DuPont and Inbiose infant formula HMO gains EU approval
The ingredient 2’-Fucosyllactose (2’-FL) is to be marketed by DuPont under the brand name CARE4U, having already been approved for use in dietary supplements.
DuPont have earmarked the HMO as a core ingredient in potential applications for the future that are related to digestion and immune health.
“The substantial equivalence dossier for 2’-FL received EU Novel Food approval in December 2017,” said Paul Tenning, DuPont's regulatory affairs manager, EMEA.
“We are excited to be able to bring this important new ingredient for infants and children into the European market.”
2016 agreement
News of regulatory approval for 2’FL means the firms’ joint development and licensing agreement to produce and commercialise 2’-FL, agreed back in 2016 are on track.
This agreement, which also looks to develop other fucosylated HMOs, combines Inbiose’s carbohydrate production platform with DuPont’s industrial-scale fermentation facilities.
“After many years of research and investment, we are delighted to see the first of our range of human milk oligosaccharides becoming commercially available, thus addressing a major gap in the nutritional composition of infant formula,” said Professor Wim Soetaert, Inbiose’s executive chairman.
“Thanks to our collaboration with DuPont, our first HMO is now commercialised, with many others to come.”
Cost-effective HMO production
HMOs are a group of unique oligosaccharides found in mother’s milk, with 2’-FL being the single most abundant HMO.

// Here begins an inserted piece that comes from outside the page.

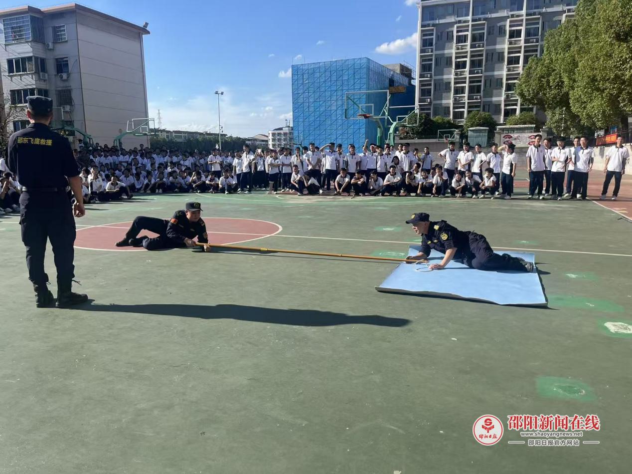 演练结束后,学校特邀邵东飞鹰救援队为师生带来了一场生动而实用的安全教育实操培训,救援队宣讲员彭赞滨等专业队员担任主讲。
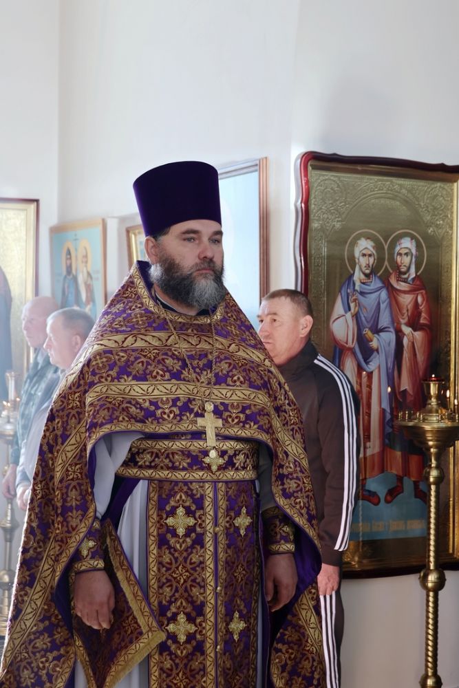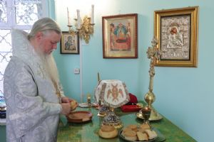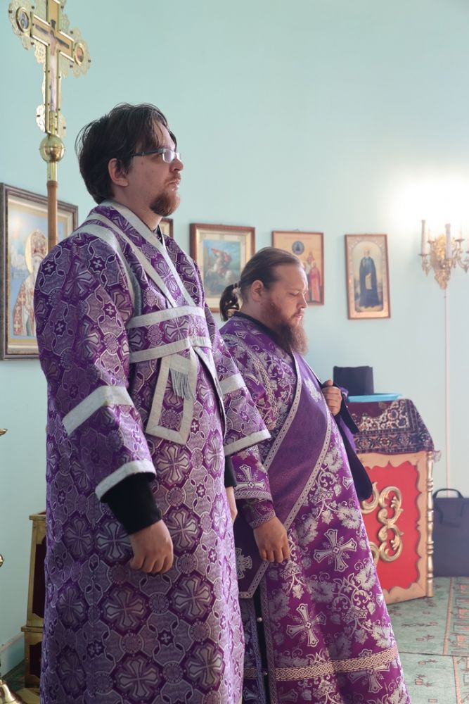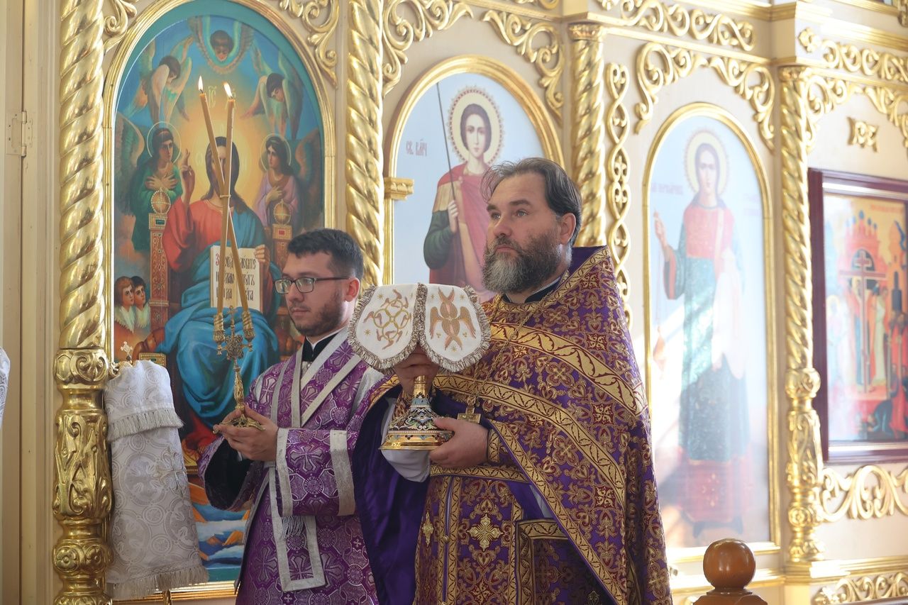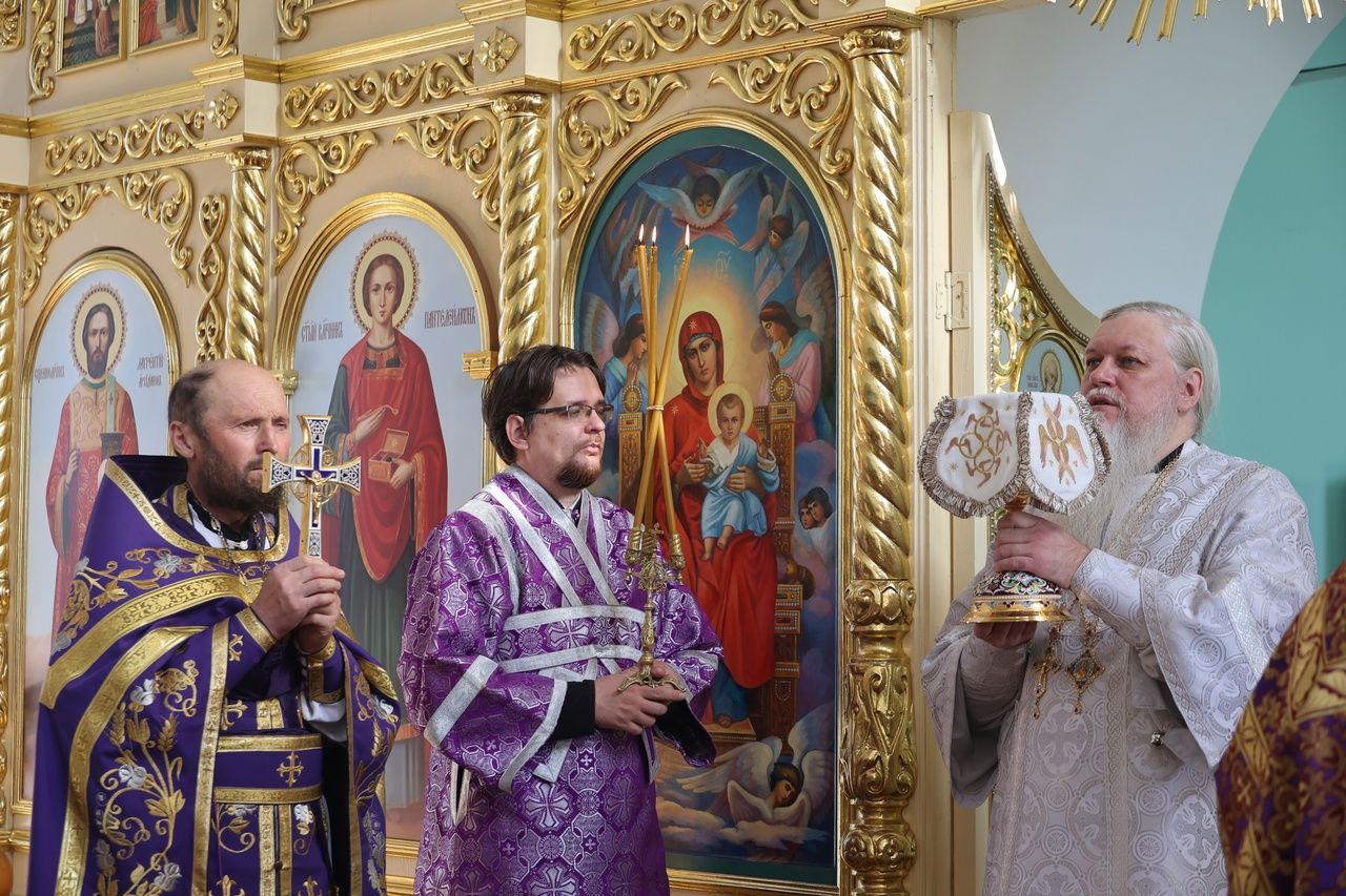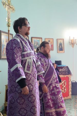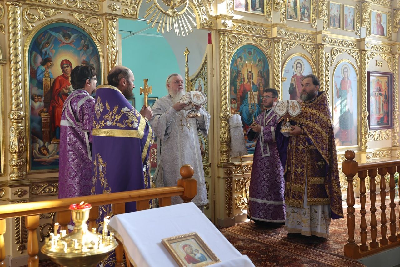 Его Преосвященству сослужили благочинный Северного церковного округа, настоятель храма Архистратига Михаила, п. Сернур протоиерей Владимир Власов, настоятель храма Покрова Пресвятой Богородицы с. Марисола протоиерей Сергий Сильдушкин, клирик Никольского кафедрального собора г. Волжска диакон Иоанн Захаров. Песнопения исполняли певчие храмов г. Йошкар-Олы под управлением регента Ирины Айгловой.

Until recently, complex carbohydrates such as HMOs were not available in larger quantities from sources such as cow’s milk and the few that could be chemically synthesized were prohibitively expensive.
Inbiose, a Belgium-based biotechnology company, believe its fermentation-based production method is now industrial-level ready to produce 2’-FL that is identical to the 2’-FL HMO found in human milk.
“Our competency lies in the rapid development of cost-effective production methods for specialty carbohydrates,” said Joeri Beauprez, Inbiose CSO.
“Through our platform technology, we will continue to excel in the production of such ingredients, making these ingredients and their health benefits available to society at large.”
According to market research firm Innova, digestive/gut health was the primary claim associated with infant formula launches in 2015.
It was also featured in 58% of all launches in the market as the past five years have seen the use of prebiotics in infant formulas dramatically increase.
EFSA confirmation
The ball began rolling in 2015, after The European Food Safety Authority (EFSA) confirmed the safety of two synthetic oligosaccharides, opening the door for their use in infant and follow-on formula.
The EFSA Panel on Dietetic Products, Nutrition and Allergies (NDA Panel) delivered Scientific Opinions on 2'-O-fucosyllactose (2'-FL) and lacto-N-neotetraose (LNnT) as novel food ingredients (NFIs).
Along with its purported prebiotic functions, 2’-FL is thought to offer protection against infection by diarrhoea-causing pathogens, ease inflammation, and promote brain function development that includes learning and memory abilities.